I need to schedule a chunk of me-time when I can give this a thorough thinking through and cry uncontrollably without scaring anyone. Maybe tomorrow. It's got to be soon 'cuz well, just cuz.

Thursday, April 23, 2009

Walking

In case you haven't met me. I am overweight. Fine. I will 'say' it, according to the definition I am obese. There it is. Of course, I have known this for years. It's not like I can't see myself and I don't own a mirror. Regardless, it's not fun to say which means it bears saying again. I am obese. I need to loose weight. A large amount of weight. I am not prepared yet to put that figure in writing. Suffice it to say that it's a 3 digit number. Exactly. Ugh!.

So, here I am publicly saying these things because I need to force myself to do something about it. I have always been relatively healthy. But the past couple of years although my traditional Western medicine doctor said everything was fine my Doctor of Oriental Medicine (DOM) said that I was borderline. His range is more narrow than the range western docs use and so I already knew that I was leaning towards the usual stuff that goes with my obesity such as high blood pressure and diabetes. I have not been officially diagnosed with either yet but this year my Western medicine doctor said that I was pre-all these things. So, I need to act now to see if its not too late to prevent them.

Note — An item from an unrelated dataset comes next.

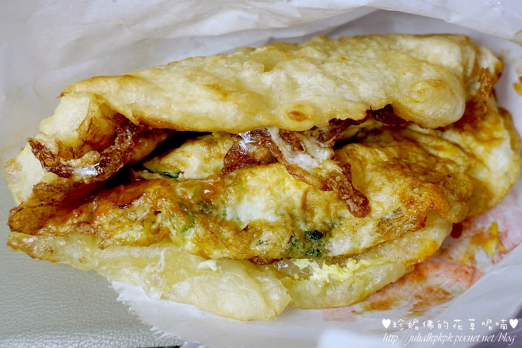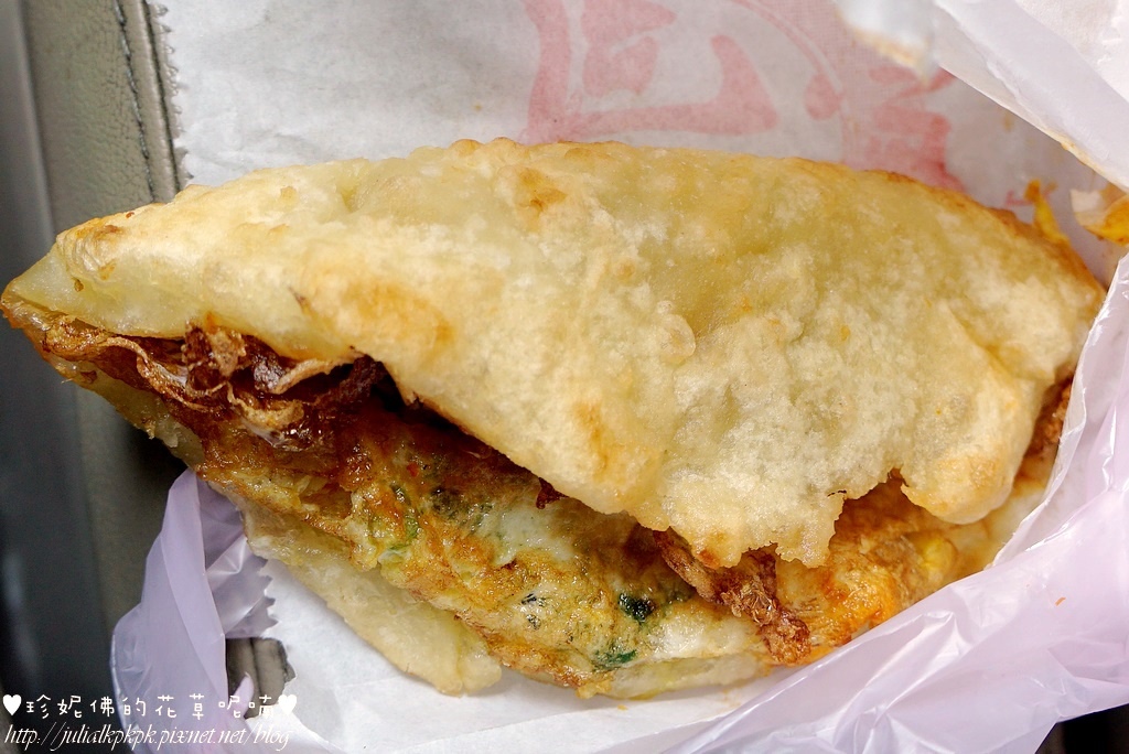 阿肥點的蔥油餅有加蛋(沒加蛋的話是一片25元、有加蛋的話是30元一片)

I need to eat healthier more importantly eat less and exercise. Now, I have been on a bajillion diets in my lifetime since jr. high and I can attest to the fact that every single one works. You loose weight on all of them. I have lost hundreds if not thousands of pounds. The problem is I keep finding them and a few more each time I stop said diet. I need to just eat less because even too much of a good thing is not good.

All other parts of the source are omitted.